Work required
Could you restate word for word only the lines below from the one holding "Berikut daftar pasien" to the one holding "No trio que", inclusive, and leave out the pictures?

Exercise inputs

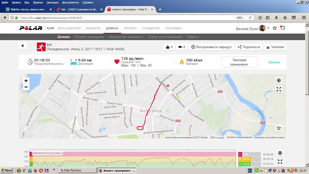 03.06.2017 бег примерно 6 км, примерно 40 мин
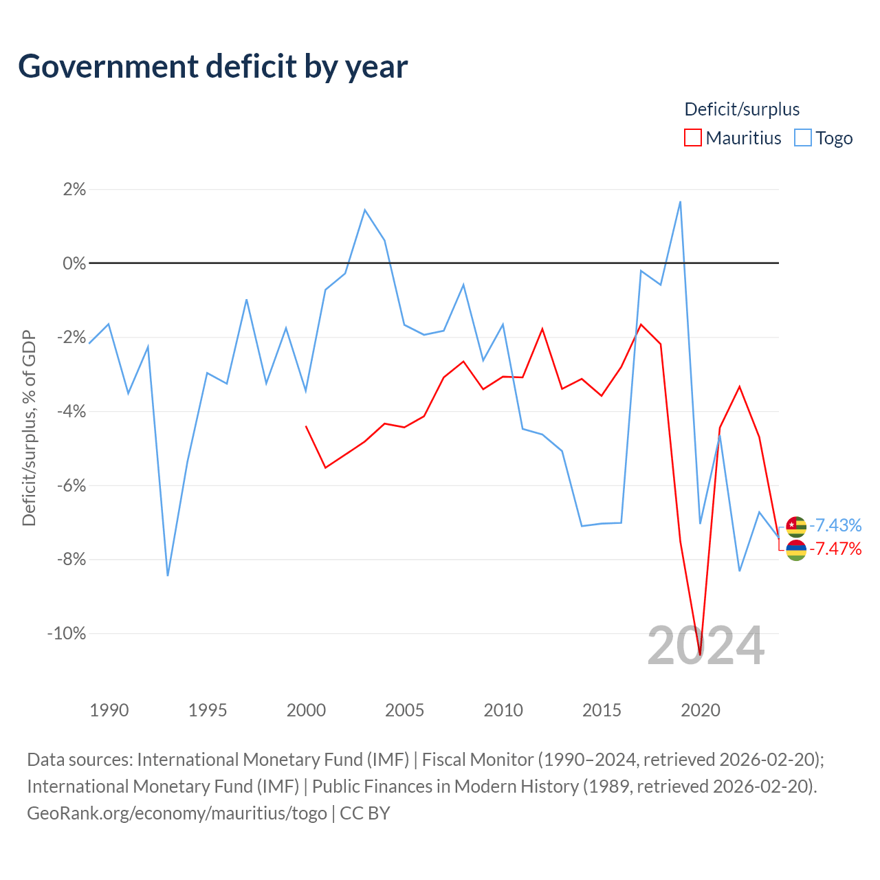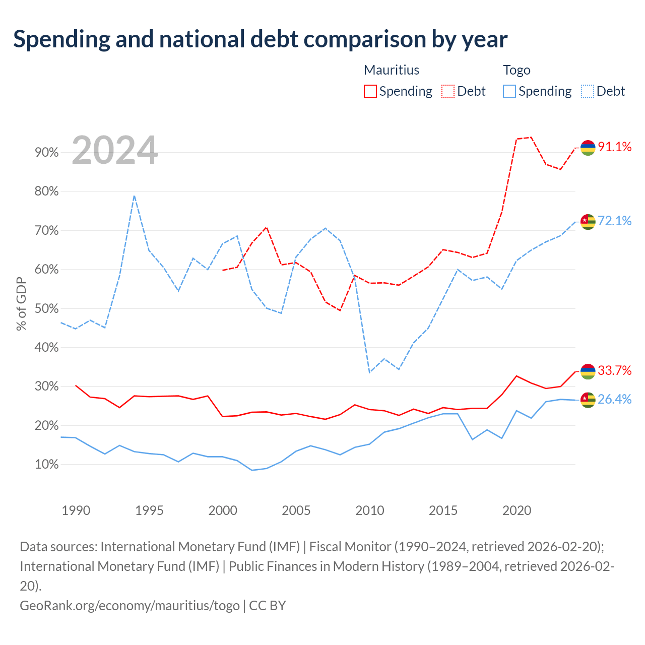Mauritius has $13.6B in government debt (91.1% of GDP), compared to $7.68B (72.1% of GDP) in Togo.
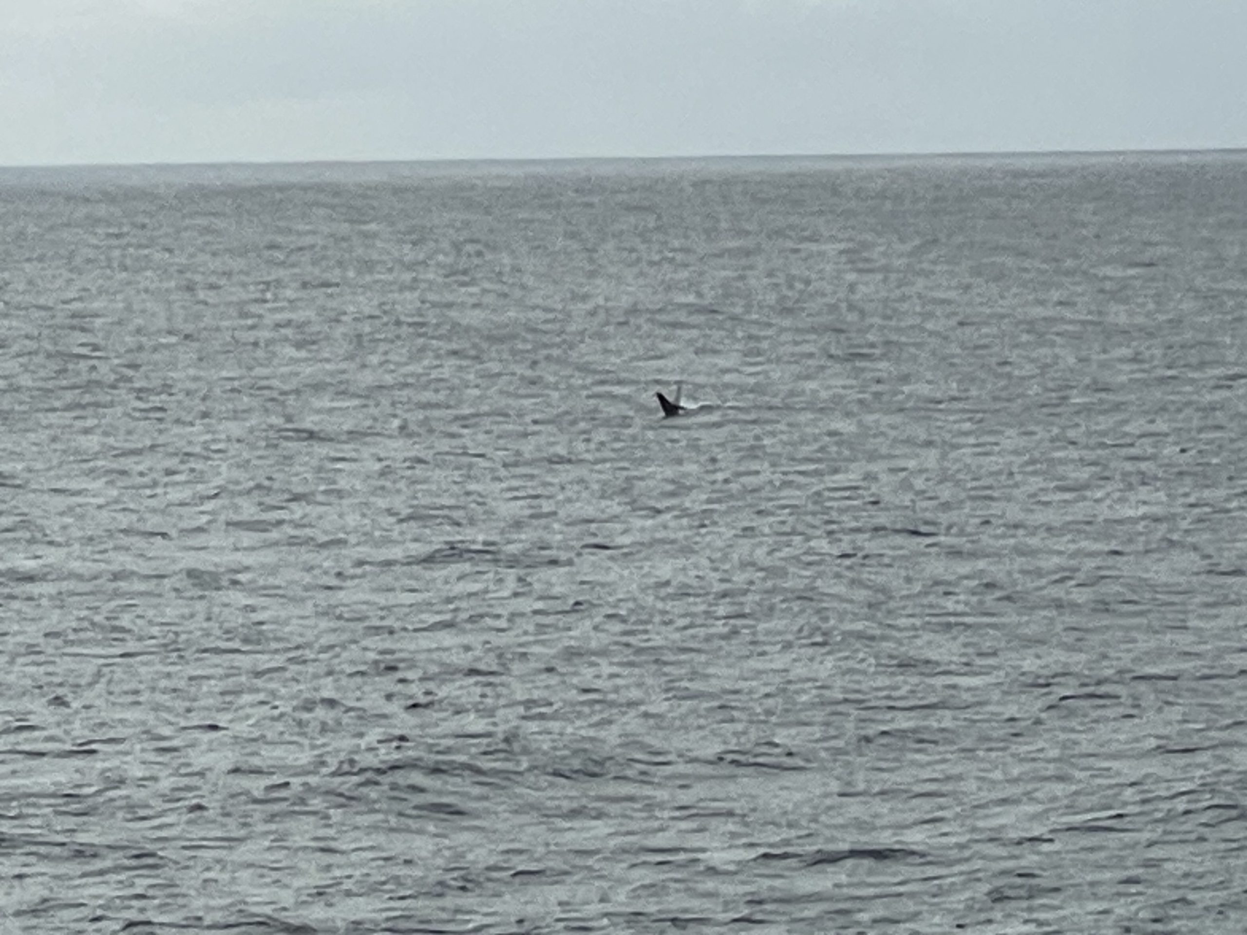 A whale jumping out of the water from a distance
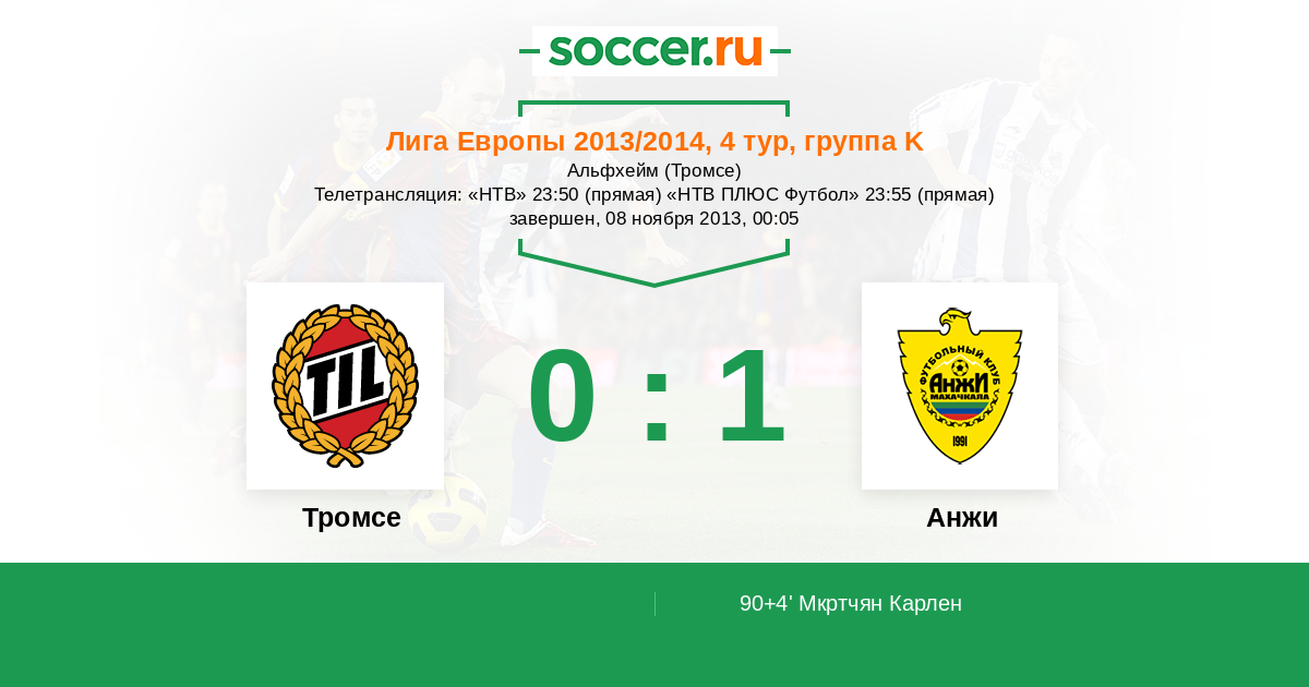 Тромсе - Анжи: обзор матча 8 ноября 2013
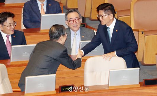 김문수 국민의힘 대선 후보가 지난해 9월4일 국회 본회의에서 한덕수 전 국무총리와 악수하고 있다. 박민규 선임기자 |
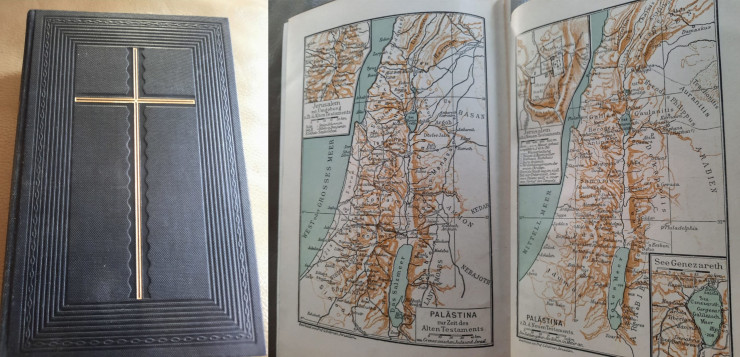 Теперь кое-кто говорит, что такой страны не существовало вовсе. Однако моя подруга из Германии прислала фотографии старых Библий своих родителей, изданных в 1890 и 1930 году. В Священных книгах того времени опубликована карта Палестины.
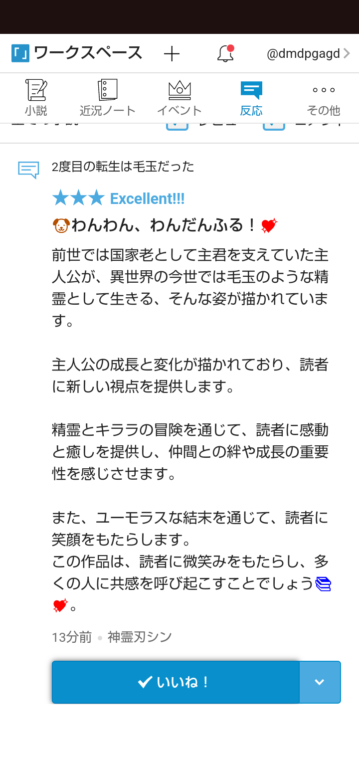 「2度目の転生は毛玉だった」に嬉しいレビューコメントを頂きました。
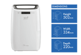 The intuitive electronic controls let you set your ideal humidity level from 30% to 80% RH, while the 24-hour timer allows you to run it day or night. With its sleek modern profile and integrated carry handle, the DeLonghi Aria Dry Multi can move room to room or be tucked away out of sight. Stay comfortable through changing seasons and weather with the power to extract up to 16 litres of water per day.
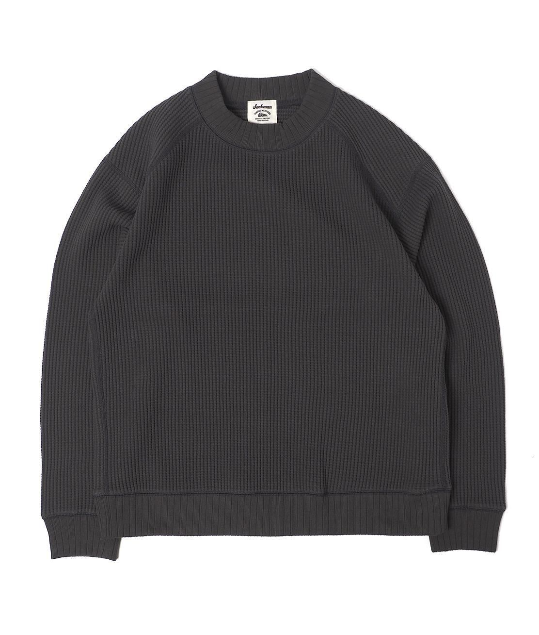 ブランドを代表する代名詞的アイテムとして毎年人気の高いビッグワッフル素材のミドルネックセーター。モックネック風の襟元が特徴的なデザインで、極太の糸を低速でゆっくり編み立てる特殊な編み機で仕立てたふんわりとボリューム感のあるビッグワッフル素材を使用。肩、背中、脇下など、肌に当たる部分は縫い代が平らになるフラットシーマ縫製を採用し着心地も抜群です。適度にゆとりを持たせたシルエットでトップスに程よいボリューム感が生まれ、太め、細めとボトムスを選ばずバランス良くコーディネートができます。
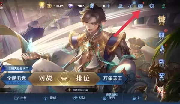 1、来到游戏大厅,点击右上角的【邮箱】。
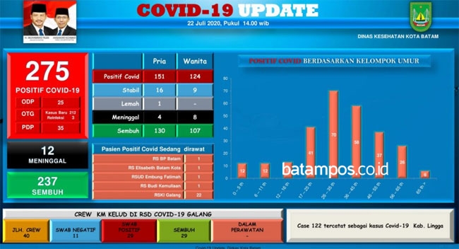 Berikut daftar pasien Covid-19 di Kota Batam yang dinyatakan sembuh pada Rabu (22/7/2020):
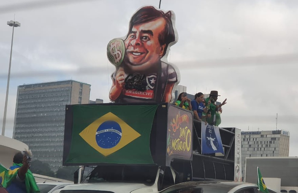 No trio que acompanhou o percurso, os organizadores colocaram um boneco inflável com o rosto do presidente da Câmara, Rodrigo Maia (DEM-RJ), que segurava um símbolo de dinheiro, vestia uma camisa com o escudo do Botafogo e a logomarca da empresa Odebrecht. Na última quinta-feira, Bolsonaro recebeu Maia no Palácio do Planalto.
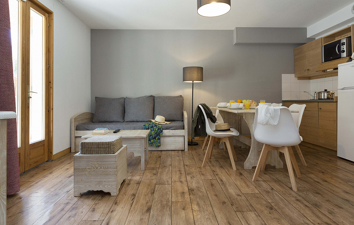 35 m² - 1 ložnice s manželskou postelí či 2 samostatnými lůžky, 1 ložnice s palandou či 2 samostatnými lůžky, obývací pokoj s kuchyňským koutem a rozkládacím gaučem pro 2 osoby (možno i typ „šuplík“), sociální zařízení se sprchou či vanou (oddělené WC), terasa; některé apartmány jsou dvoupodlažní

Answer below
 Berikut daftar pasien Covid-19 di Kota Batam yang dinyatakan sembuh pada Rabu (22/7/2020):
 No trio que acompanhou o percurso, os organizadores colocaram um boneco inflável com o rosto do presidente da Câmara, Rodrigo Maia (DEM-RJ), que segurava um símbolo de dinheiro, vestia uma camisa com o escudo do Botafogo e a logomarca da empresa Odebrecht. Na última quinta-feira, Bolsonaro recebeu Maia no Palácio do Planalto.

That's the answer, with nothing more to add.